Em diversos países e em alguns estados brasileiros, discute-se seriamente como tornar cidades mais seguras para LGBTs por meio de um policiamento que respeite a diversidade.

Pesquisas internacionais, como a de Paul Iganski na Inglaterra, mostram que crimes de ódio ocorrem em sua maioria em interações corriqueiras e não como resultado de ataques orquestrados pro gangues ou outros grupos, embora esses também ocorram.

Na era Bolsonaro, LGBTs desafiam políticas de esquecimento. Nesta quinta-feira (16), o Conselho Nacional LGBT desafiou o governo que age para extinguir esse e outras centenas de conselhos federais: o Conselho Nacional LGBT deu a largada para as conferências LGBTs previstas para este ano. Temas como segurança pública, acesso à educação e direito à saúde estão na pauta.

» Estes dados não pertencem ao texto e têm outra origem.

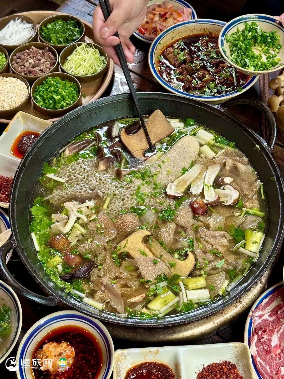 你没看错,跷脚牛肉店也能吃到好吃的菌子汤!清汤的锅底不仅可以烫牛肉,搭配长裙竹荪、竹胎盘也是一绝!菌子煮完记得先喝一碗汤,另外这个煮抄手也特别鲜!
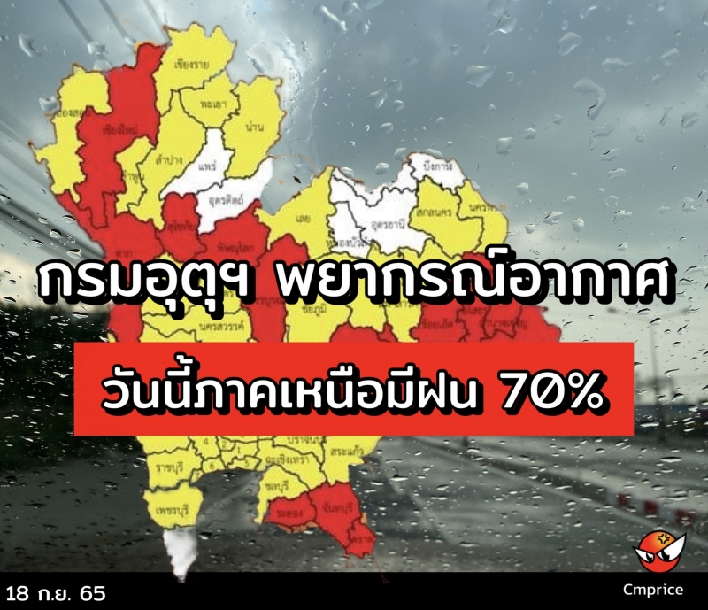 กรมอุตุนิยมวิทยา พยากรณ์อากาศ สภาพอากาศ18 ก.ย.65 "พยากรณ์อากาศ" 24 ชั่วโมงข้างหน้า บริเวณความกดอากาศสูงหรือมวลอากาศเย็นจากประเทศจีนแผ่ลงมาปกคลุมประเทศลาวตอนบนและประเทศเวียดนามตอนบน ส่งผลทำให้ร่องมรสุมเลื่อนลงมาพาดผ่านภาคเหนือ ภาคกลางตอนบน และภาคตะวันออกเฉียงเหนือของประเทศไทย เข้าสู่หย่อมความกดอากาศต่ำบริเวณประเทศลาวและเวียดนามตอนกลาง ประกอบกับมรสุมตะวันตกเฉียงใต้ที่พัดปกคลุมทะเลอันดามัน ประเทศไทย และอ่าวไทยมีกำลังปานกลาง
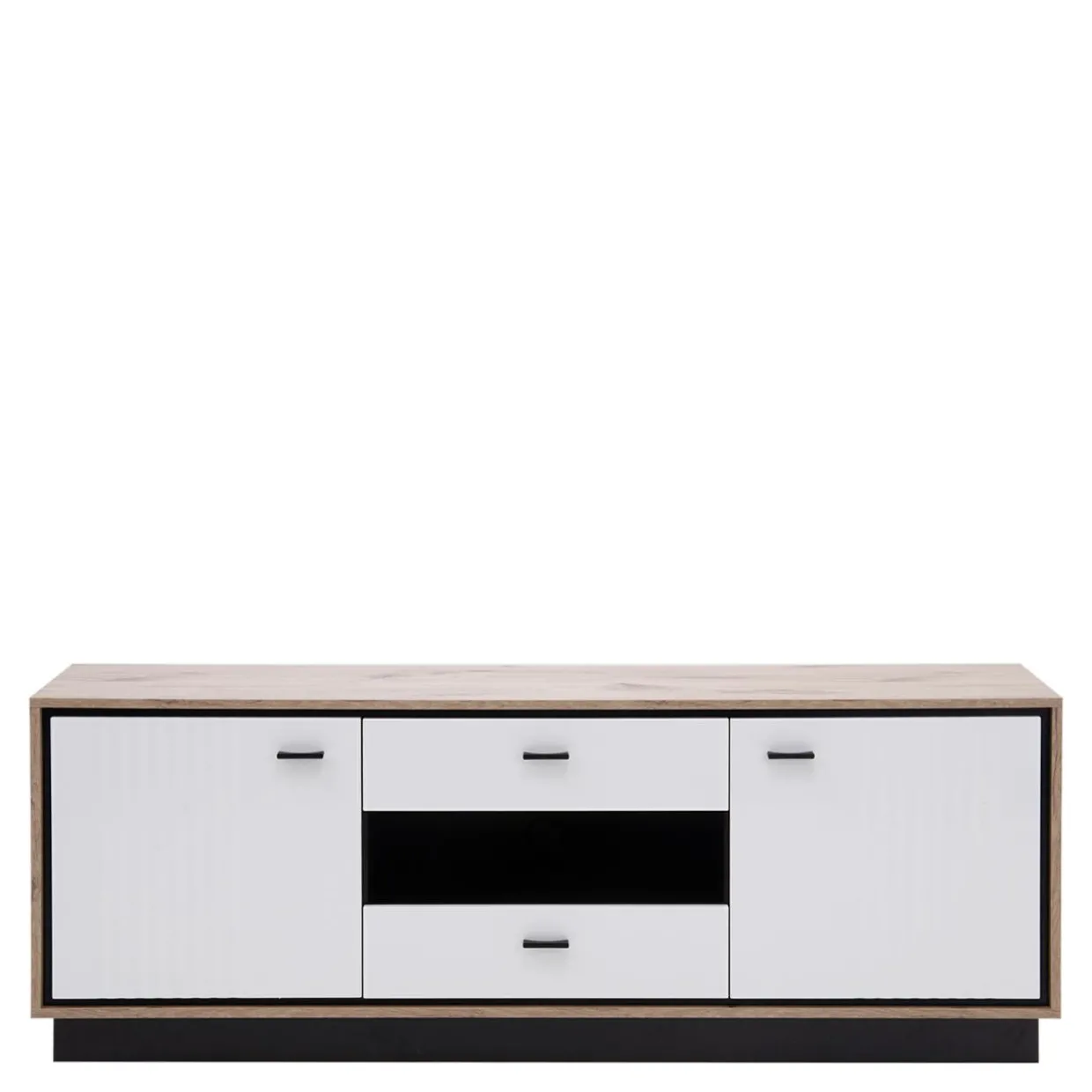 Klasyka zaprezentowana w modernistycznym wydaniu. Bryły skonstruowane są w przemyślany sposób: korpusy w jasnym kolorze dębu postawione są na czarnych podstawach, a całość zamykają białe fronty.
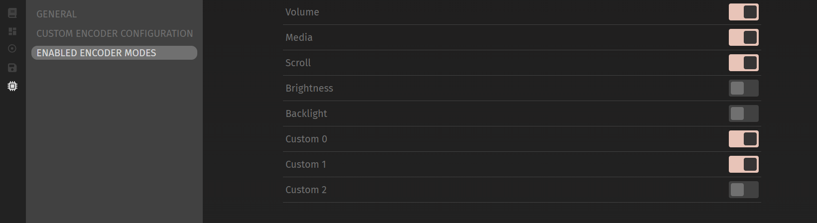 Each box controls a different behavior in the custom encoder mode, and can be defined with a QMK keycode.
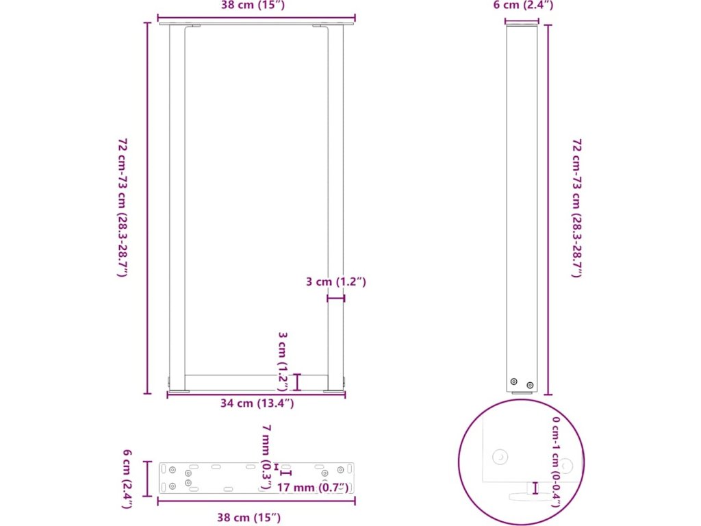 - Praktický design: Tato noha konzolového stolu je vybavena nastavitelnými podpěrami, které zajišťují stabilitu i na nerovných podlahách a minimalizují poškrábání podlahy. Konzola má navíc předvrtané otvory a dodávané šrouby, které lze použít k upevnění nohy k desce stolu (nejsou součástí dodávky), což usnadňuje montáž.
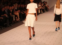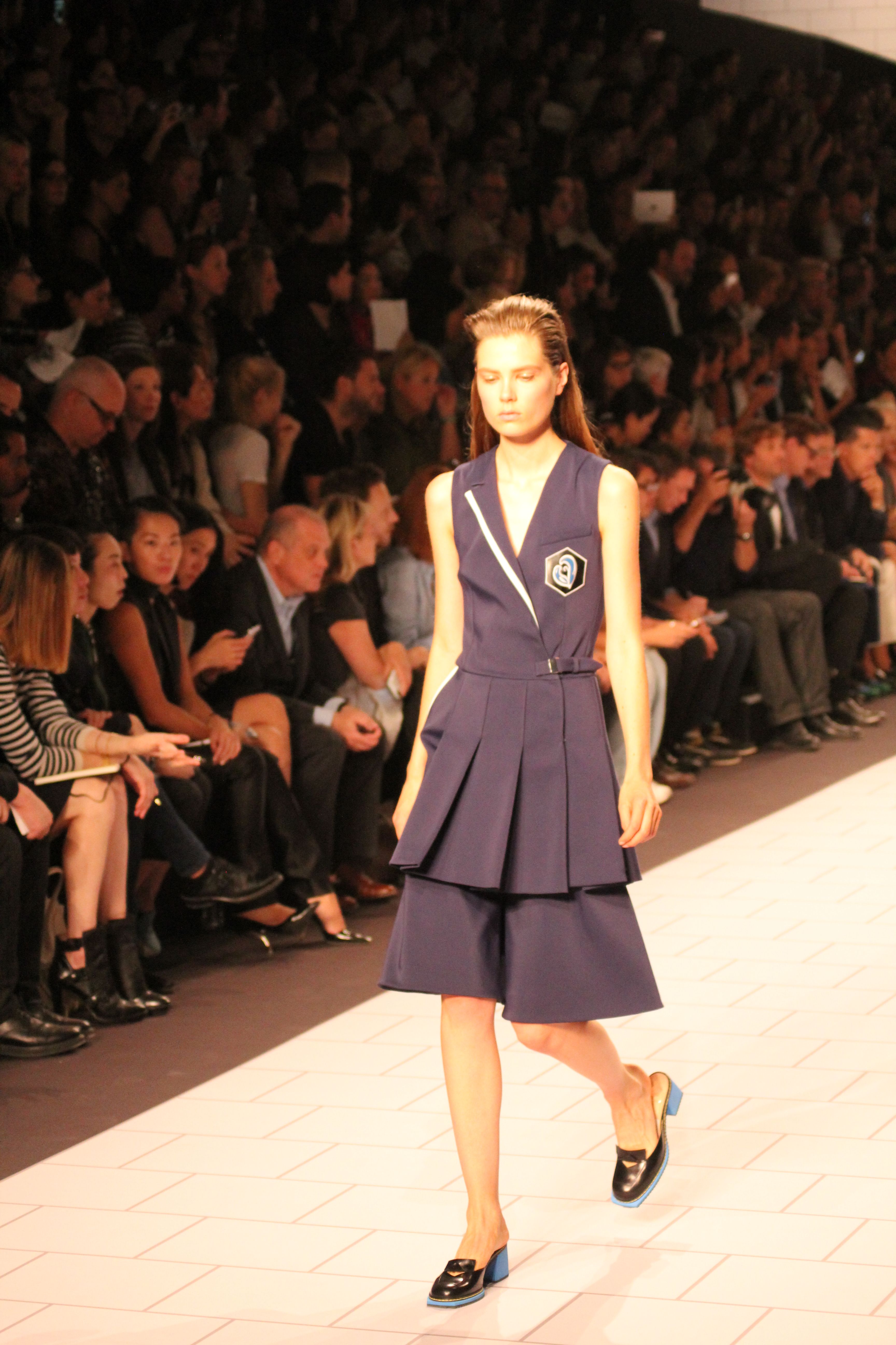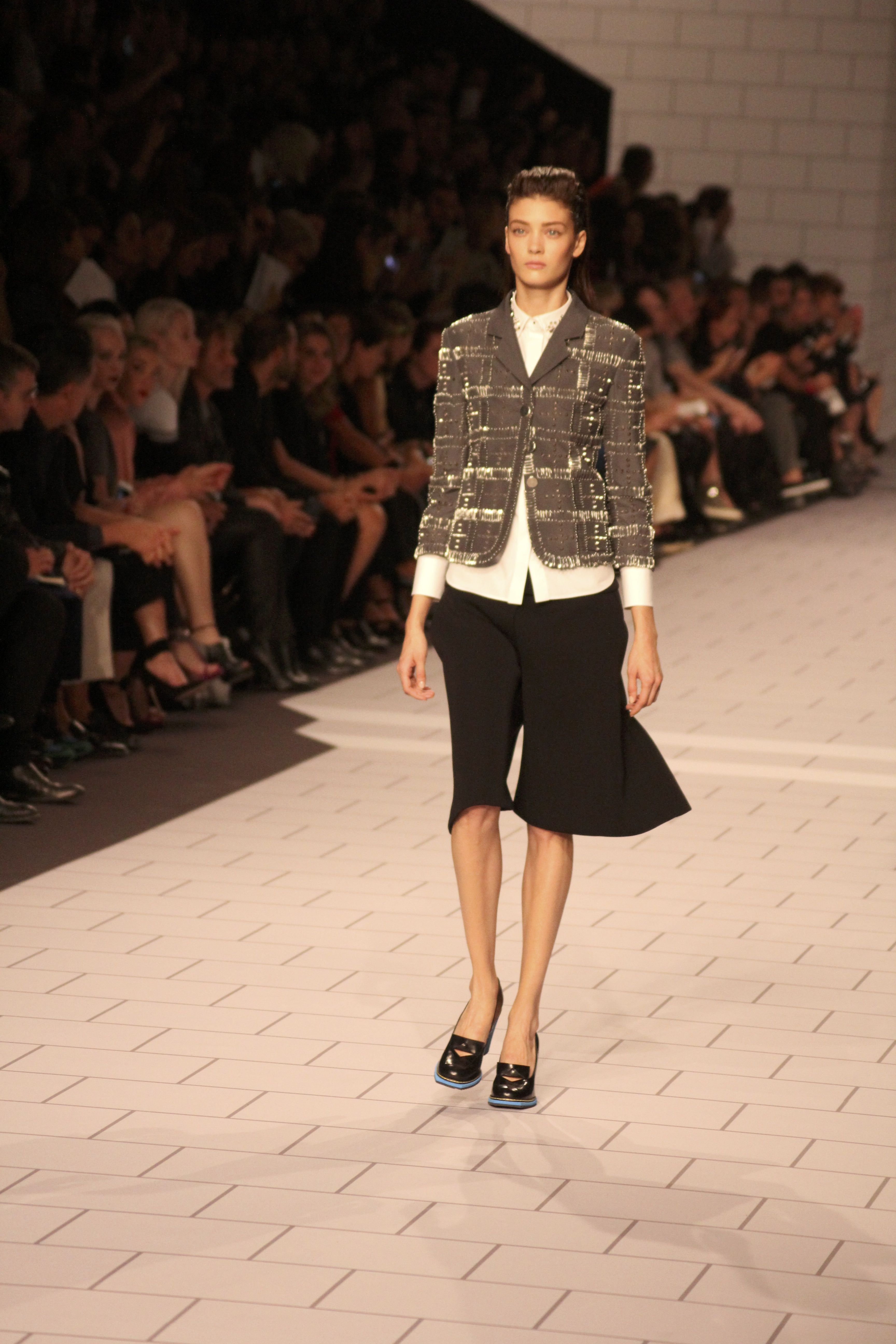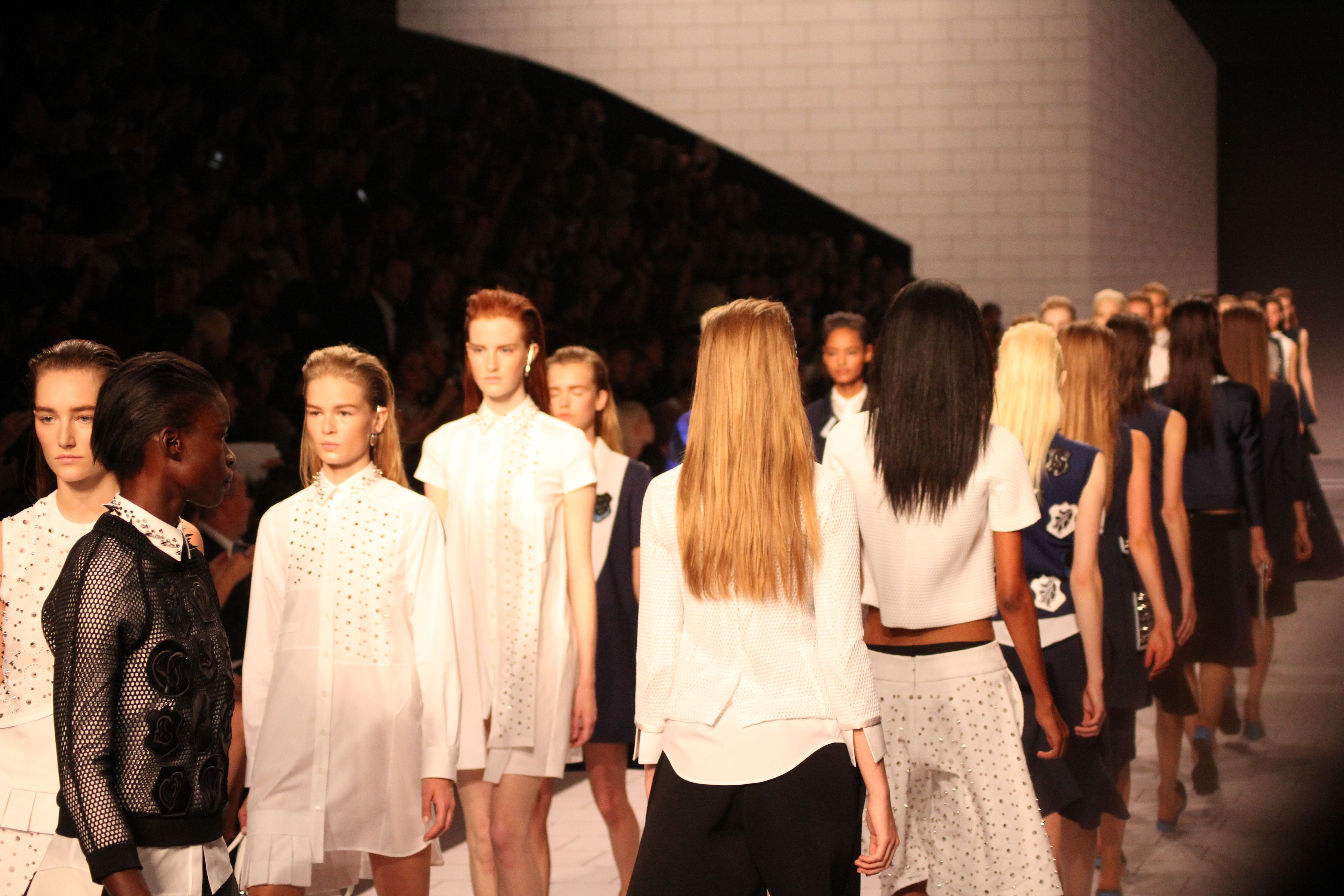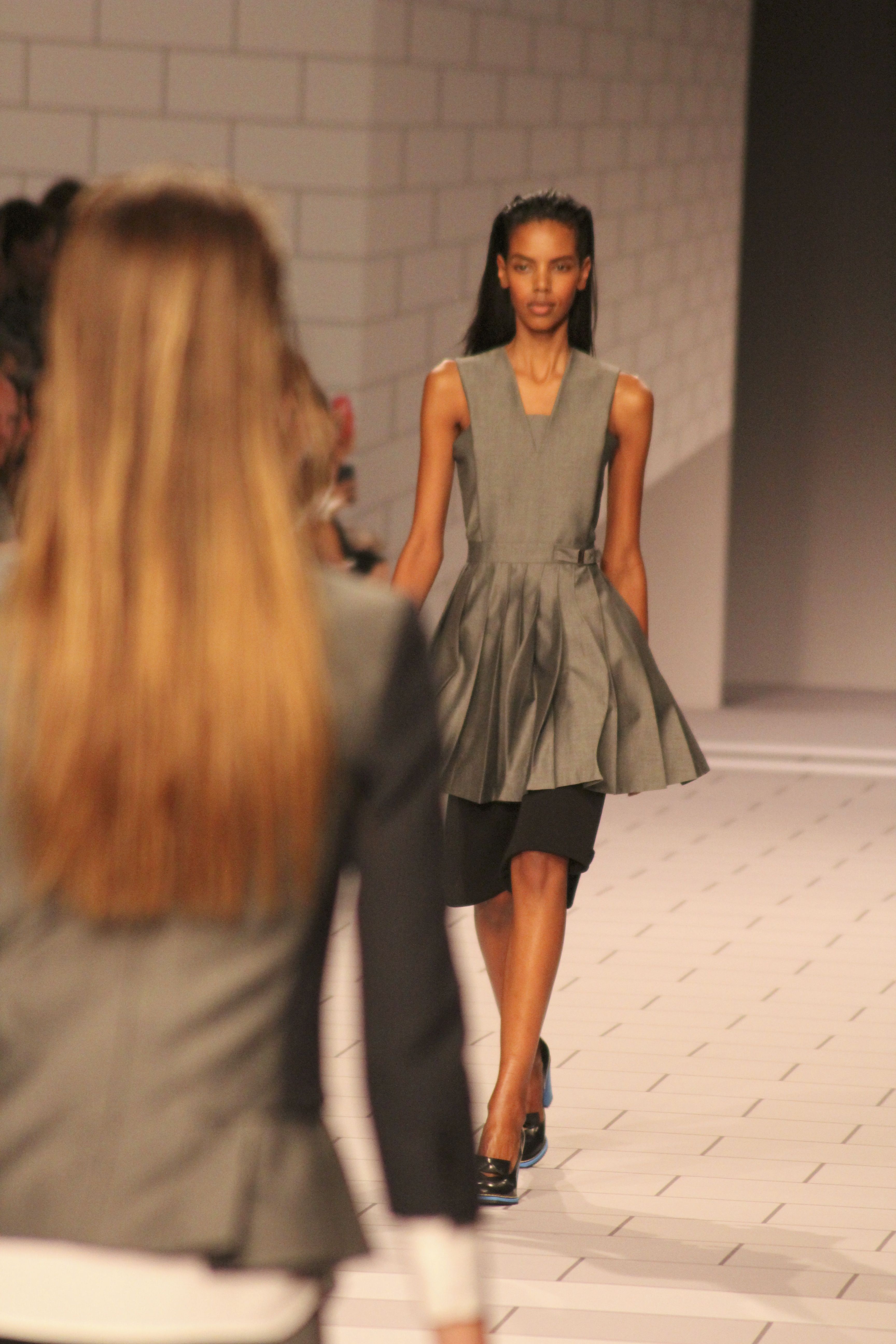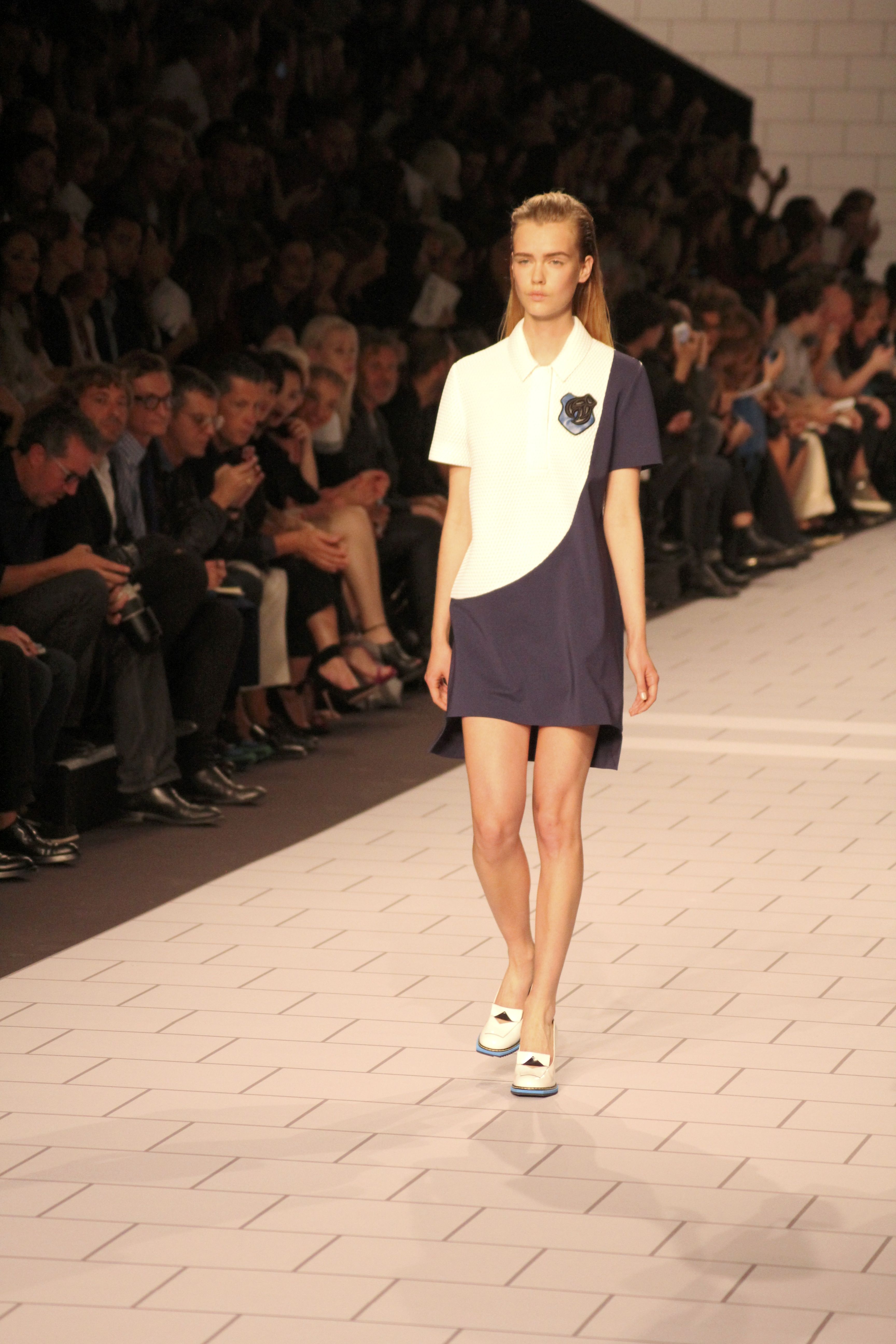 Viktor & Rolf présentaient aux tuileries leurs collections printemps été 2014. Une collection inspirée par les uniformes. Empreinte de rigueur qu’elle oppose à la rébellion, cette collection faisait défiler des jeunes écolières punk au son de « the wall » des pink floyd. Vestes preppy, jupes kilts et jupes culottes, blasers, ecussons en gris, noirs, bleux foncés. Quel show !

Ao desafiar a política de esquecimento, LGBTs exigem serem vistos como cidadãos. Ter direito a que suas famílias sejam reconhecidas como tal, que seus corpos não sejam mortos e esquecidos, que as cidades não lhes sejam hostis, que os políticos não promovam o ódio contra eles. Na era Bolsonaro, LGBTs lutam pelo direito a ter direitos.


Thiago Amparo

Advogado, é professor de políticas de diversidade na FGV Direito SP. Doutor pela Central European University (Budapeste), escreve sobre direitos humanos e discriminação.